WHAT THE EXERCISE ASKS:
Before copying, set the pictures aside; then repeat every line below verbatim.

(RECORDED DATA begins)

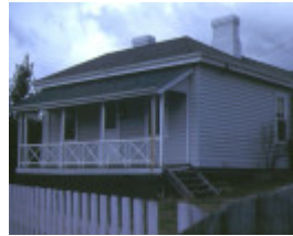
log lock up & hut omeo police station
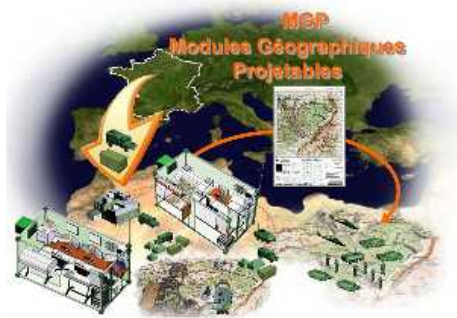
A new method of comprehending the environment in a theatre of operations through autonomous mobile modules.

EADS Defence & Security (DS) and Thales have received a contract worth 26.1 million euros from the French defence procurement agency DGA (Direction Generale de l'Armement) to produce and support two sets of MGPs (Modules Géographiques Projétables - deployable geographic modules) for the 28th Geographic Group of the French Army. The operation, for which DS has been designated prime contractor, aims to develop a system that is deployable and reactive in terms of production, maintenance and distribution of military geography information. The MGP modules will be used to supply geographic data updated in the field to operational land forces via a single cartographic access point.
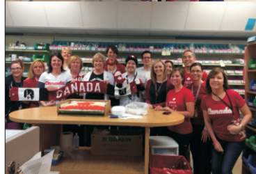
Photographs: Met Pharmacy Staff and Ouellette Pharmacy Staff

(RECORDED DATA ends)

RESPONSE TO THIS EXERCISE:
log lock up & hut omeo police station
A new method of comprehending the environment in a theatre of operations through autonomous mobile modules.

EADS Defence & Security (DS) and Thales have received a contract worth 26.1 million euros from the French defence procurement agency DGA (Direction Generale de l'Armement) to produce and support two sets of MGPs (Modules Géographiques Projétables - deployable geographic modules) for the 28th Geographic Group of the French Army. The operation, for which DS has been designated prime contractor, aims to develop a system that is deployable and reactive in terms of production, maintenance and distribution of military geography information. The MGP modules will be used to supply geographic data updated in the field to operational land forces via a single cartographic access point.
Photographs: Met Pharmacy Staff and Ouellette Pharmacy Staff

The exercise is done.